Illusions and Practical Competence

Eric Schwitzgebel has a fascinating post on illusions, and whether they still count as such when the viewer is so familiar with them as to no longer be disposed towards misjudgment:
If one knows enough about the world, one should know that an oar partly submerged in water (seen from a particular viewing angle) should look bent just like that. If it looked straight, I suppose, a longtime oarsman or a person very familiar with the laws of refraction might think the oar looked strange, might even think that it looked like an oar that is actually bent (bent in such a way as to exactly compensate for the bend a straight oar would seem to have at that angle)...

So is the skilled oarsman experiencing a visual illusion as he looks at the oar? If we say no, then I'm worried we're off onto a slippery slope to entirely denying the possibility of illusions that are known to be such.

Note, though, that's there's a fair gap between mere propositional knowledge and the kind of internalized know-how or "fluency" possessed by the skilled oarsman. I am still very much 'taken in' by the Muller-Lyer illusion, despite - intellectually - 'knowing' that it is an illusion. For it to cease to count as an illusion to me, I would need to internalize this knowledge in such a way as to render me fluent in interacting with Muller-Lyer lines. (Were I to come across a worldly instance, I should automatically respond in ways appropriate to the lines being of equal length; just as the skilled oarsman automatically responds appropriately to the shape of his oar in the water.)

djc adds:
Another nice case is that of mirrors. Does looking at a mirror create an illusion that twin-you is in front of you? When one doesn't know it's a mirror, the "yes" answer seems plausible, but this answer rings less true for the familiar case when one knows it's a mirror.
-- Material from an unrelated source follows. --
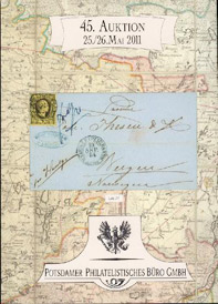 POTSDAMER Philatelistisches Buero Gmbh Apfelweg 12, D – 14469 Potsdam www.potsdamer-phila-buero.de, email auktion@potsdamer-phila-buero.de 45° Asta. 25 e 26 maggio 2011 Catalogo particolarmente ricco, in carta patinata, tutto a colori, molto elegante e curato, comprendente 2.407 lotti. In copertina, sullo sfondo di una carta postale tedesca, figura il lotto 77, base € 3.000, una lla lettera del 1854 dalla Sassonia per la Norvegia. Il catalogo comprende lettere e francobolli soprattutto dell'area tedesca, ma può interessare il collezionista italiano anche per le destinazioni delle lettere e le descrizioni fatte con puntuali evidenze storico postali. Dopo lettere transitate attraverso diversi Stati (in genere ante UPU) e Posta Militare Classica (anche questa in genere prima del 1870) dai vari Stati Tedeschi e per l'estero, sono dettagliate prefilateliche ed affrancate di Stati Tedeschi, in ordine alfabetico, da Baden e Bayern a Thurn & Taxis e Wuerttemberg passando per Bremen, Hannover, Oldengurg…. Prosegue poi con Impero Tedesco e Deutsches Reich fino al 1945 con le varie Colonie ed Occupazioni (fatte o subite dalla Germania). Quindi le due repubbliche tedesche del dopoguerra per arrivare fino, quasi, ai giorni nostri. Alla fine molti lotti di raccolte e collezioni, soprattutto dell'area tedesca, ma anche d'Europa ed Oltremare. |

But if one says "no" in this case, then the question is whether there's a principled distinction between this case and the bent stick case, or any other case of a "known illusion".
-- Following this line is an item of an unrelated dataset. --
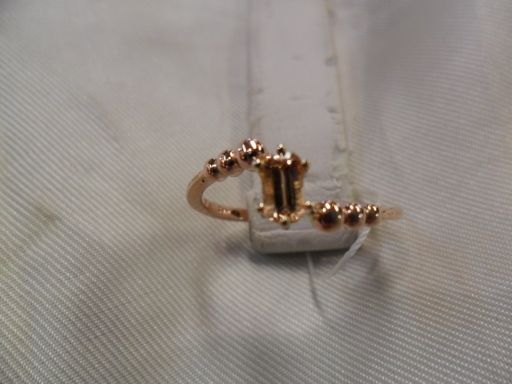 14K rose gold 12 prong solitaire mounting set with a precious topaz.

I suppose that for there to be a principled distinction, one will have to make the case that in some cases (e.g. the mirror case), knowledge of the relevant effect penetrates the experience and changes its content, while in other cases (e.g. the stick case) knowledge does not penetrate the experience in this way. Perhaps there is some intuitive plausibility to the claim that the relevant spatial phenomenology is changed by mirror knowledge in a way that it's not changed by bent-stick knowledge. But it's not clear what the source of this difference is.

Could practical competence vs. merely intellectual knowledge ground this difference? (Imagine someone who has just learned what a mirror is, but who is not yet sufficiently practiced to be competent at using them. It seems plausible that the mirror could still create a sense of 'illusion' for them, even though they know full well - intellectually, at least - what is going on.)
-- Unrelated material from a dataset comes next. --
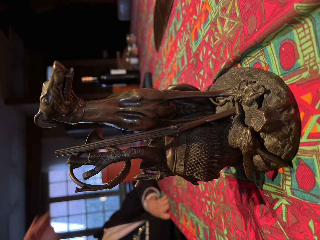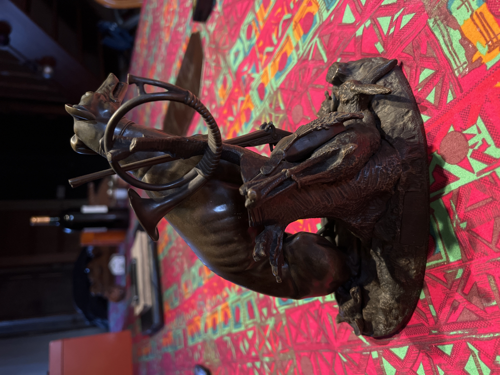"Sculpture chien en bronze signé Leblanc dessous avec socle et avec un sac, une arme une « trompette » sa bouche peut s’ouvrir. Il y a un lapin et des oiseaux mort au sol. Couleur bronze noir. Chien de chasse maigre."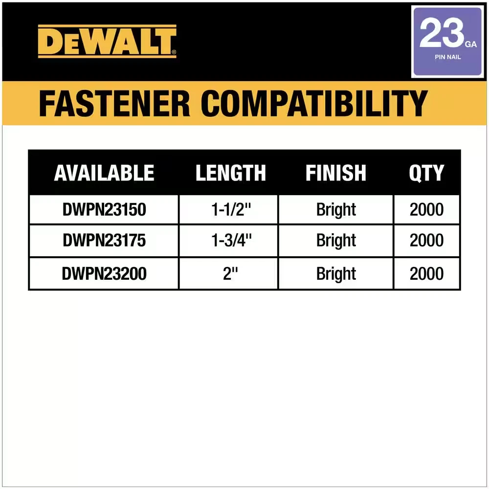 This DEWALT pin nailer is a game-changer! Super lightweight yet powerful, it drives pins flawlessly without jamming. The 2.0Ah battery lasts forever, and the ergonomic grip reduces fatigue. Perfect for trim work—super precise and easy to handle. DeWalt quality at its best!

[Related posts: What is illusion?]


  1. Hi Richard,

    An interesting way to handle these kinds of cases, and this sounds very much like what you are saying, is a kind of Sellars/Churchland line that, like your suggestion, emphasizes automaticity. If someone is trained to automatically (that is, without intervening inference) apply the concept of straightness to the oar half out the water, then they count as perceiving the oar as being straight (as opposed to inferring that the oar is straight from a crooked sense datum, or whatever).

  2. Hi Pete, I wouldn't want to go so far as to deny that we can make (subconscious) inferences automatically. As my linked older post points out, we don't want to say that a Fake Barn facade is an illusion. Our perception itself is accurate enough in such a case; it's instead the automatic inference we draw that's faulty.

    So perhaps the automaticity rule only applies with limited scope, e.g. to basic perceptual features -- shape, size, etc. -- but not to richer concepts like 'being a barn'. (Is there a principled line to draw here?)

  3. Interesting suggestion, Richard. As your reply to Pete suggests, there's at least a little trouble (or complication) brewing.

    One might think that facts about phenomenology (e.g., the phenomenology of illusion) and facts about dispositions to behave are rather different, so that an analysis of the former in terms of the latter will never quite do. But of course that's a controversial philosophical position!

  4. Thanks, Eric! Your caution against analysing phenomenology in terms of behavioural dispositions is well-taken. I think the link is merely contingent -- so while my proposal is (hopefully) extensionally adequate for actual human beings, there's definitely more that needs to be said. In particular, I assume that there's some further story to be given about how properly internalized knowledge "penetrates the experience and changes its content" (to borrow djc's phrase).

    (Perhaps there's also more to internalized knowledge than just the behavioural dispositions. Appropriate automatic behaviour may be a symptom of such knowledge, rather than constitutive of it. I'm very unsure about all this, though.)